California native plants are Katherine L. Greenberg’s passion and her career. So it’s no wonder that her own garden is almost 100 percent natives. After nearly 40 years, the plants have grown in and settled, providing an excellent example of a mature garden of California flora.

Greenberg is a garden designer and native plant consultant, and has served on the boards of the Pacific Horticulture Society, Mediterranean Garden Society, and the Friends of the Regional Parks Botanic Garden, among many garden activities. She has been a CNPS member since the late 1970s. In 2012, she wrote the second edition of Growing California Native Plants (University of California Press), an expanded and updated version of the 1980 first edition by Marjorie G. Schmidt, whom she never met but feels she knew. “Her voice came through so strongly,” Greenberg says. She also counts California native plant expert Wayne Roderick, who died in 2003, as one of her mentors.

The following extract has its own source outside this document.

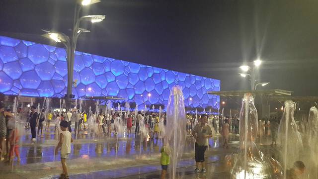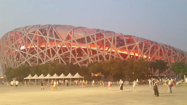 从天安门广场逛一会后,天色已经渐暗,于是,打算去鸟巢、水立方看夜景。回到住处的时候已经九点多了,还好住处离哪里都不是很远,而且交通很方便。

She began work on her own native garden about the time Schmidt’s book was published, which also was not long after an extended drought in California. The north-facing hillside had been cleared for agriculture before it was sold as a homesite. The property had mostly non-native grasses on the top portion, while a blackberry bramble extending down the hill to a creek covered the remaining third of an acre, she explains.

Sculptural trunks with characteristic mahogany-colored bark distinguish this Howard McMinn manzanita (Arctostaphylos densiflora ‘Howard McMinn’), which was planted in 1980.

Keeping the natural scarcity of water in mind, Greenberg set out to create a native landscape, drawing from her childhood memories of Monterey County native flora as well as the habitats of the East Bay hills. She warned her children that there would be no lawn at the house— there was plenty at the nearby school, in any case — though they could have a pool.

These days the Greenberg home fits so naturally into its landscape, it’s as if the house were a native plant, too.

“It was not an instant garden, by any means,” Greenberg says. She experimented, drawing ideas from some of the state’s established botanic gardens, including the Regional Parks Botanic Garden in the Berkeley hills, and sometimes propagating plants. Some plants, such as madrones, simply did not take, she says. Others she found she could grow in pots easier than in the ground.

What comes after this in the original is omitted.